A structured set of objections, weighed in public.

Desk editor's note, referee report, simulated authors' rebuttal, and a circularity audit. Tearing a paper down is the easy half of reading it; the pith above is the substance, this is the friction.

Referee Report

3 major / 2 minor

Summary. The paper claims that document parsing performance is limited by training data deficiencies rather than architecture, as evidenced by consistent failure patterns across diverse models. It introduces MinerU2.5-Pro, which retains the 1.2B-parameter MinerU2.5 architecture but uses a co-designed Data Engine (Diversity-and-Difficulty-Aware Sampling to reach 65.5M samples, Cross-Model Consistency Verification for difficulty and annotations, and Judge-and-Refine for hard-sample correction) plus a three-stage training strategy (pre-training, hard-sample fine-tuning, GRPO alignment) to achieve 95.69 on the authors' rectified OmniDocBench v1.6, a 2.71-point gain over the identical-architecture baseline and surpassing models with >200x parameters.

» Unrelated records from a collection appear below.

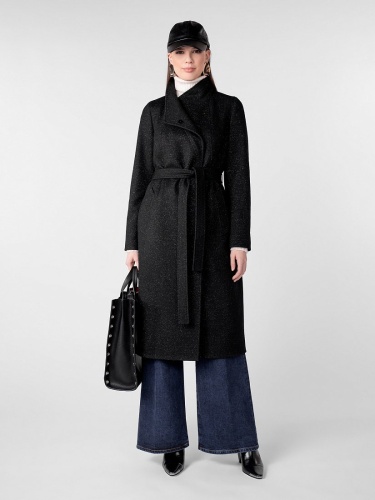 Пальто полуприлегающего силуэта длиной ниже колена. Втачной рукав, застёжка на пришивные кнопки, воротник-стойка, рельефы на полочке, карманы-листочки, пояс, шлица в среднем шве спинки. Изделие декорировано тамбурной строчкой. Произведено с ветрозащитной мембраной Raft Pro. Утепленная спинка по технологии Eurowinter. Утеплитель из биопуха DuPont Sorona. Изготовлено из шерстяного твида чёрного цвета с люрексом.
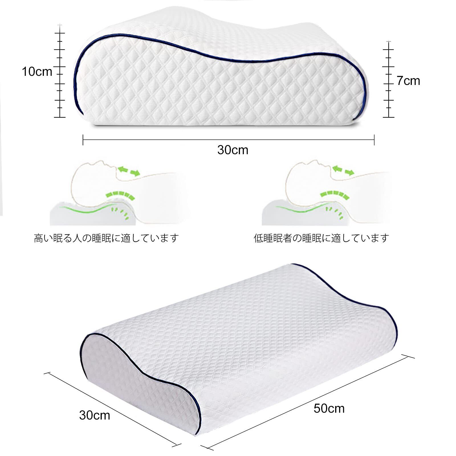 Fityou 安眠枕 低反発まくら 快眠枕 枕 pillow 二段階の選べる高さ 通気性 カバー洗濯可 肌触り良い 子供大人兼用 ホワイト(50*30*7/10CM)
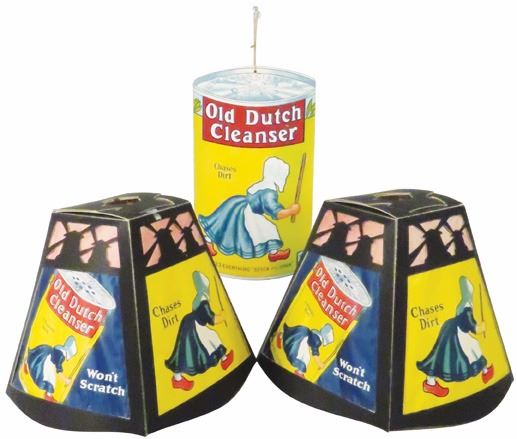 Old Dutch Cleanser Advertising Items. Die cut cardboard fan pull and paper lanterns. Mint to near mint condition. Fan pull measures 5 X 9 inches.

Significance. If the gains are attributable solely to the data strategies, this is a notable demonstration that systematic data engineering can outperform architectural scaling in document parsing, where models share failure modes on hard samples. The observation of cross-model consistency on difficult examples and the scale of the 65.5M-sample dataset with progressive training tiers are concrete strengths that could shift research emphasis toward data curation pipelines.

major comments (3)
  1. [OmniDocBench v1.6 protocol] OmniDocBench v1.6 protocol (abstract and evaluation description): the rectification of element-matching biases from v1.5 and creation of the Hard subset must be shown to be independent of the Cross-Model Consistency Verification pipeline, because both the training annotations for hard samples and the benchmark changes rely on model consensus; any shared error patterns would directly inflate the reported 2.71-point gain on the Hard subset.
  2. [Data Engine] Data Engine description (abstract): no ablation results isolate the contribution of Diversity-and-Difficulty-Aware Sampling, Cross-Model Consistency Verification, or Judge-and-Refine to the 2.71-point improvement; without these controls it remains unclear whether the gains stem from the claimed data strategies or from unstated factors such as training schedule changes.
  3. [Three-stage training strategy] Three-stage training strategy (abstract): the paper provides no error analysis, human audit, or cross-validation of the Judge-and-Refine annotations against an independent source, leaving open the possibility that correlated model biases on hard samples are reinforced in both the 65.5M training set and the test protocol.
minor comments (2)
  1. [Data Engine] The abstract states expansion 'from under 10M to 65.5M samples' but does not specify the exact sources, diversity metrics, or difficulty thresholds used in sampling; these implementation details should be added for reproducibility.
  2. [Training strategy] GRPO alignment hyperparameters are listed as free parameters in the approach but no values or selection procedure are provided; this should be clarified in the training section.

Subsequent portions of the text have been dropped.